In a historic and extremely dangerous escalation on day 35 of the 2026 US-Iran war, Iran has successfully struck Israel’s most sensitive nuclear facility — the Dimona nuclear research center in the Negev Desert.
Iranian forces launched a barrage of advanced ballistic missiles, including Fattah-2 hypersonic variants, which penetrated Israeli air defenses and scored direct hits on the heavily guarded Dimona complex. Mᴀssive explosions and fires were reported at the site, which serves as the cornerstone of Israel’s nuclear program. Iranian Revolutionary Guard Corps officials stated the attack was a precise retaliatory operation to avenge Israel’s earlier strike on Iran’s Bushehr nuclear power zone.
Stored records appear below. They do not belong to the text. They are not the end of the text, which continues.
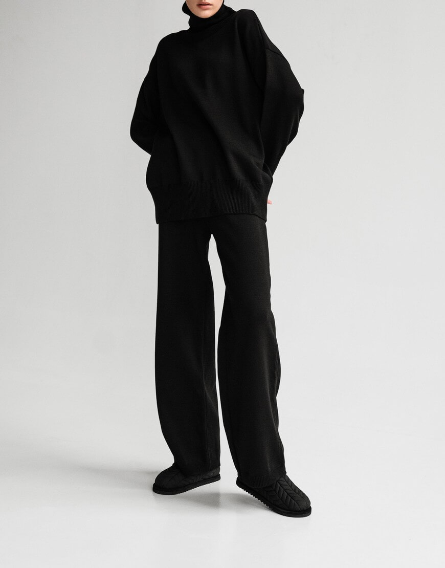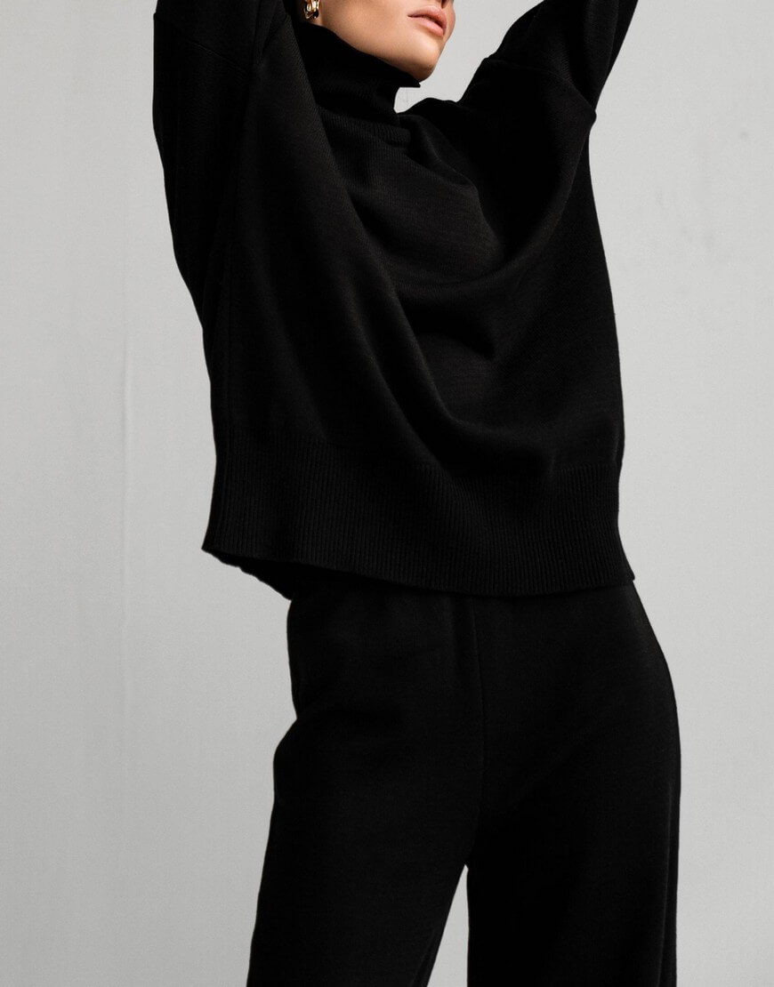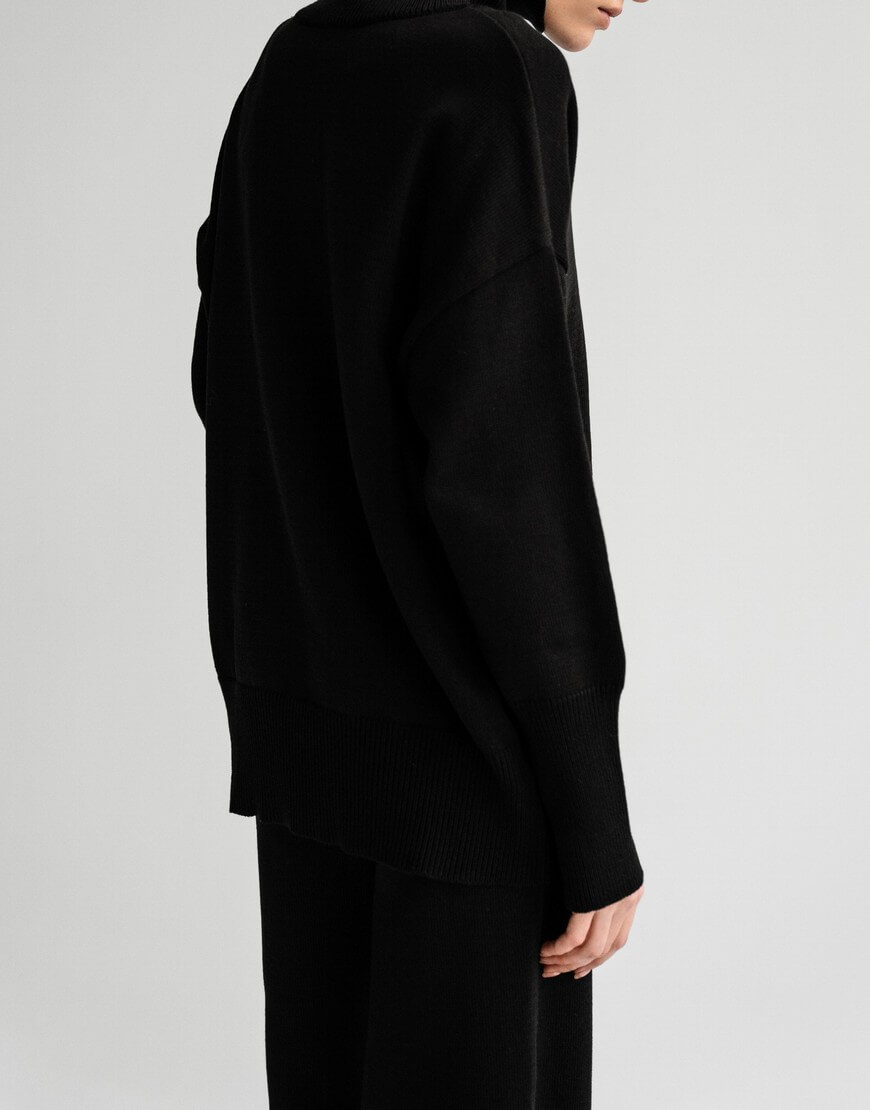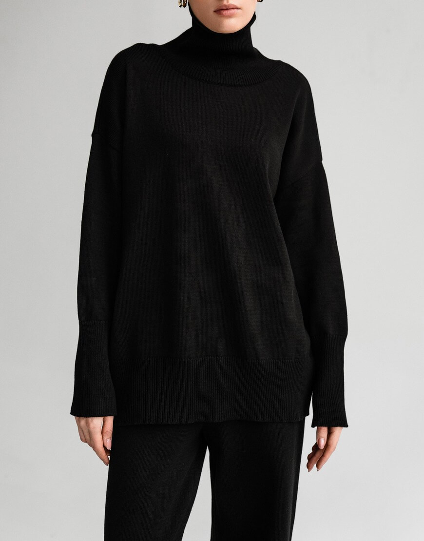 Светр виконаний з м’якої та приємної до тіла пряжі. Модель вільного крою, зі спущеною лінією плеча та з високою горловиною в рубчик. Манжети та нижній край вив’язані широкою резинкою, завдяки якій краї светру не розтягуються.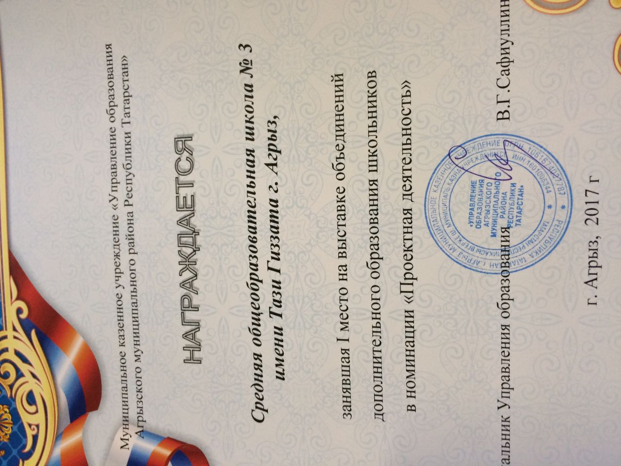 К педагогической конференции педагогой Агрызского муниципального района была организована выставка объединений дополнительного обрзования школьников. В номинации "Проектная деятельность" мы заняли 1 место. МОЛОДЦЫ!!!!!!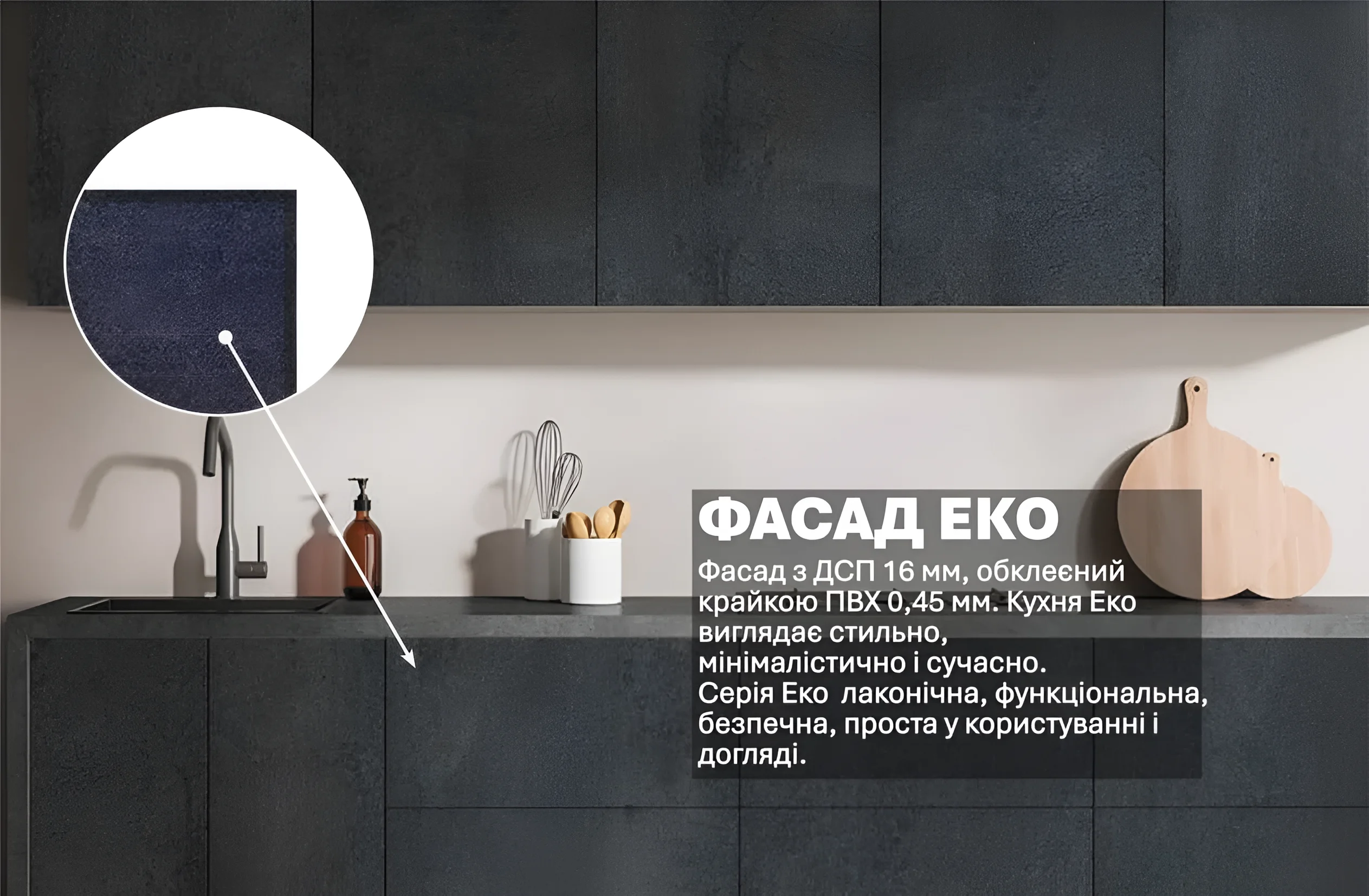 Купить Бюджетная кухня «Эко» 2,4 метра прямая Угольный камень в Украине вы можете на сайте MebelTops.com.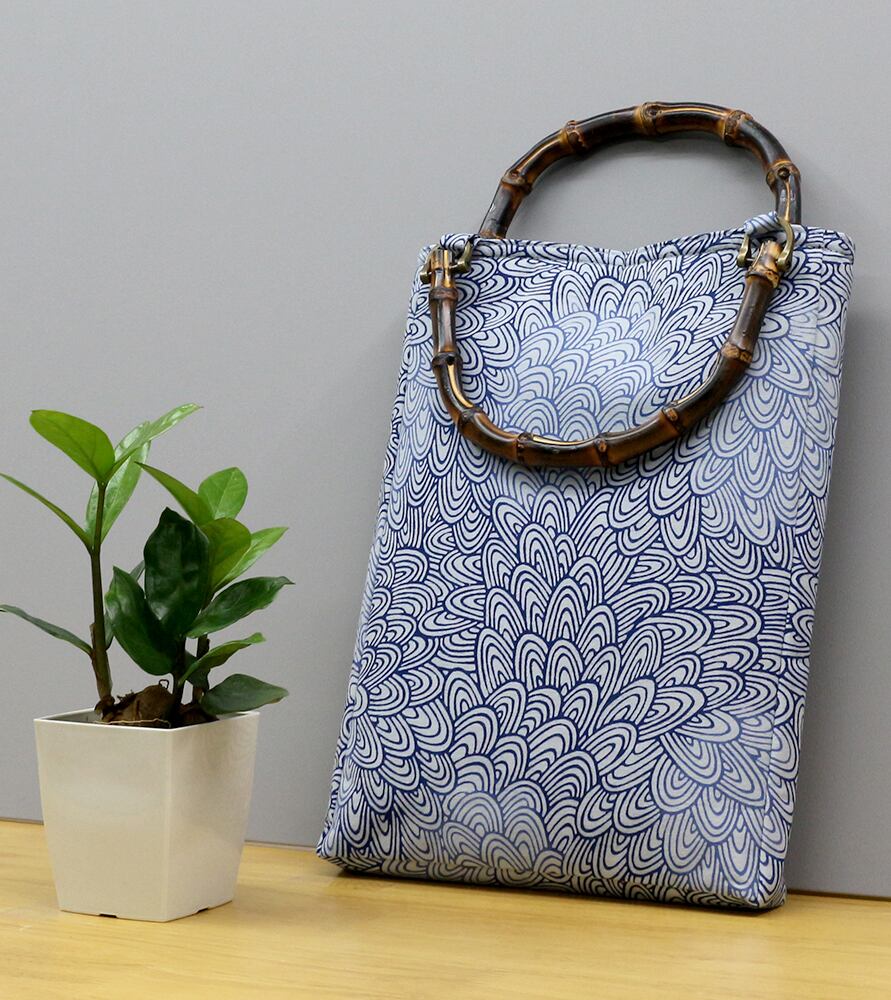 手ぬぐい生地を使用したバンブー(竹手)手提げバッグです。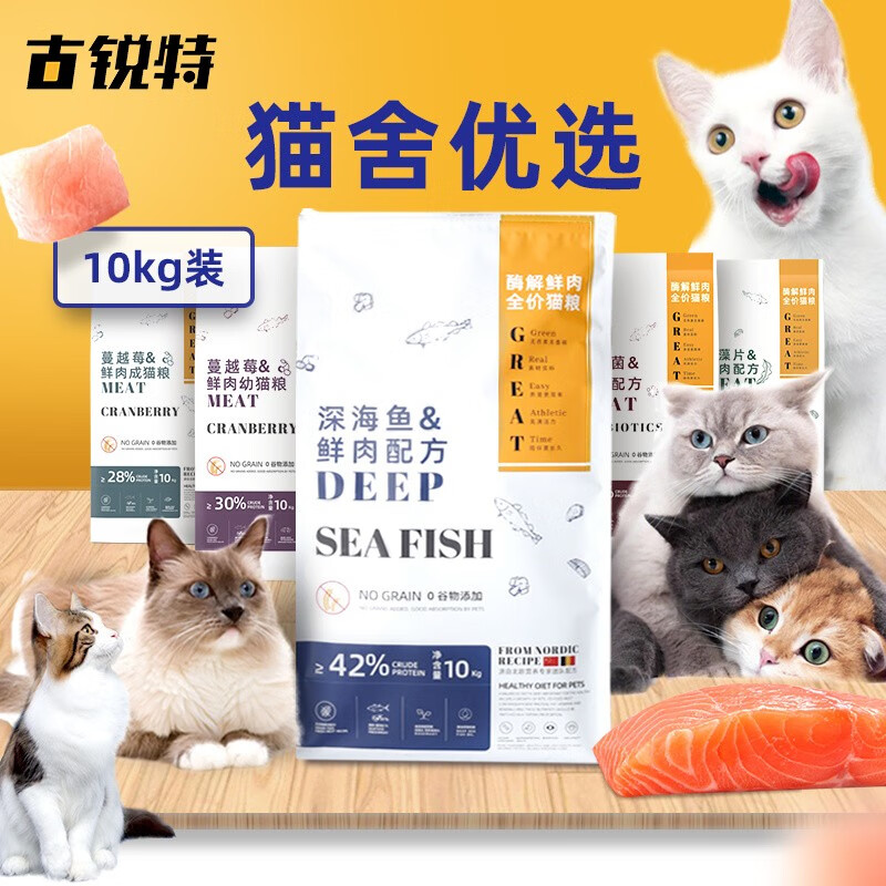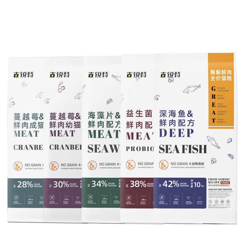 古锐特进口配方全价无谷鲜肉猫粮20斤大包装成猫幼猫美毛调理肠胃 34蛋白海藻鲜肉 10kg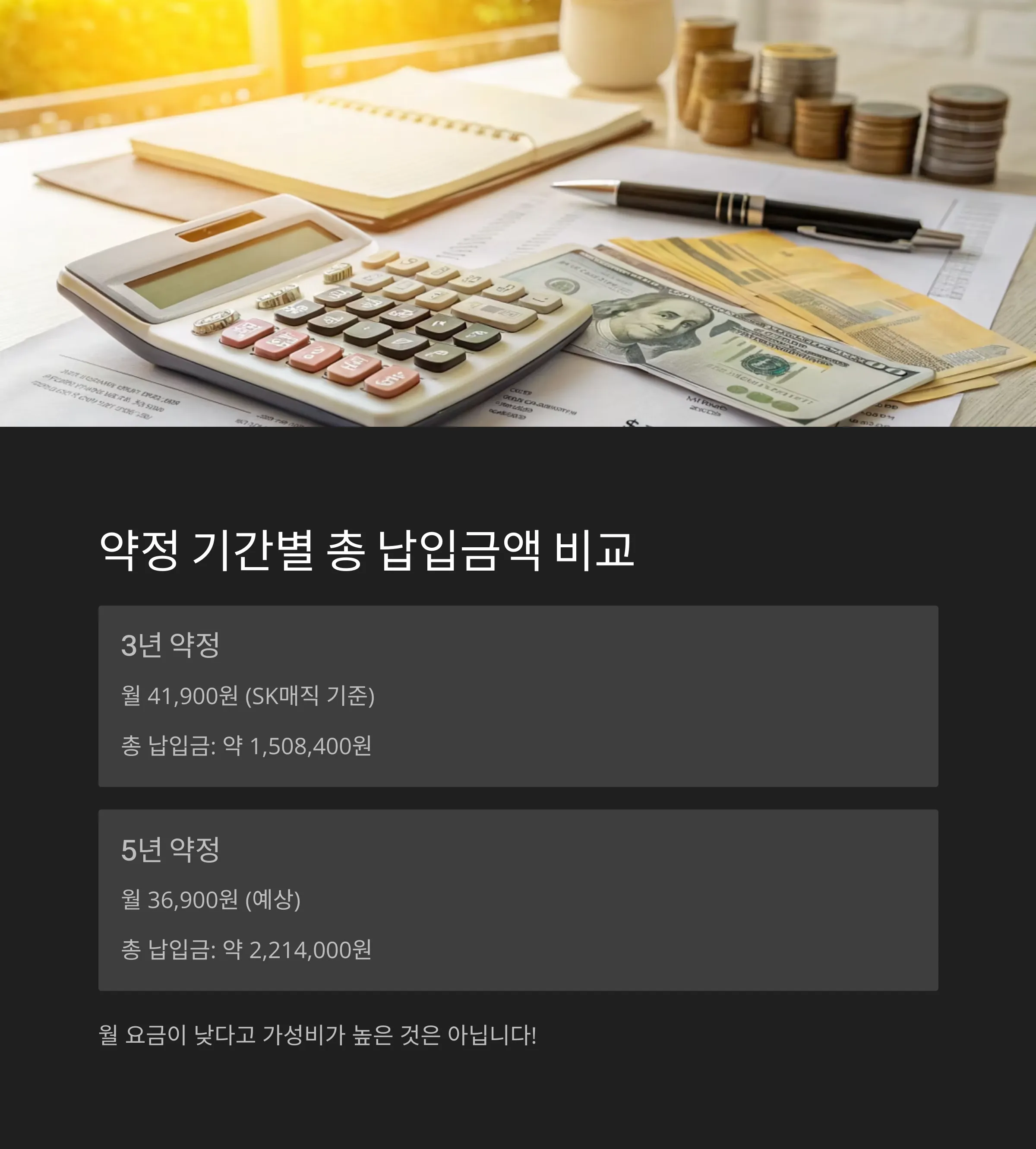 | 약정 기간 | 월 렌탈료 예시 (SK매직) | 총 납입금 |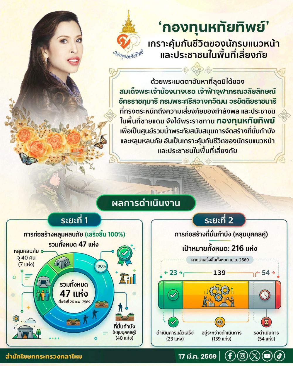 สนับสนุนการจัดสร้างที่มั่นกำบังและหลุมหลบภัย อันเป็นเกราะคุ้มกันชีวิตของนักรบแนวหน้าและประชาชนในพื้นที่เสี่ยงภัย…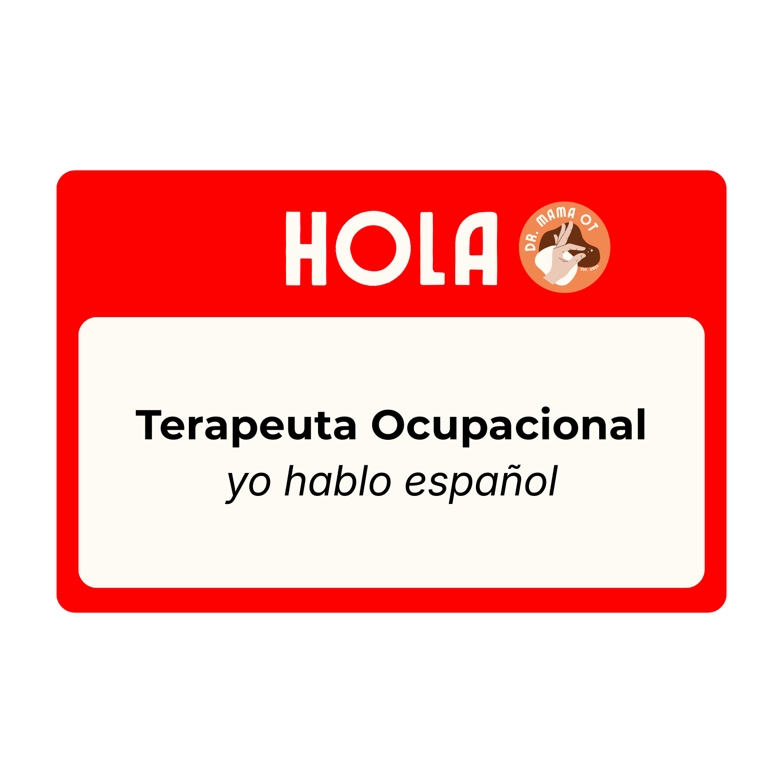 This Hola – Terapeuta Ocupacional, yo hablo español sticker is a small but powerful way to make language access visible and celebrated.

This marks the first time in the conflict that Iran has directly targeted Israel’s nuclear infrastructure, crossing a major threshold. Israeli authorities have imposed a strict media blackout, but satellite imagery and local reports show significant damage, with large plumes of smoke rising from the desert facility. Emergency teams were rushed to the area amid fears of radiological contamination.
The strike comes just 24 hours after Iran pounded Tel Aviv with a mᴀssive barrage of Khorramshahr-4, Qadr, Emad, and Kheybar missiles, and follows the dramatic elimination of Prime Minister Benjamin Netanyahu by Iran’s 23-ton monster missile.
Iran continues to demonstrate overwhelming offensive capability: destruction of Israel’s largest weapons factory, the Al-Qadr missile hit on a U.S. carrier strike group in the Strait of Hormuz, downing of three F-22 Raptors, destruction of five U.S. KC-135 tankers, and repeated heavy blows against America’s largest bases in the region.

U.S. Central Command reports nearly 200 American troops injured across the theater with 13 confirmed deaths. President Donald Trump strongly condemned the attack on Dimona, calling it “a reckless and dangerous act that threatens the entire region,” and promised unwavering support to Israel.
The USS Tripoli remains positioned off Iran’s coast as part of efforts to reopen the Strait of Hormuz. Brent crude prices have now surged past $122 per barrel as global markets react with panic to the nuclear dimension of the conflict.
The strike on Dimona has pushed the war into an extremely perilous new phase, raising the specter of uncontrollable escalation between the two nuclear-armed adversaries.
The situation is extremely tense and developing by the hour.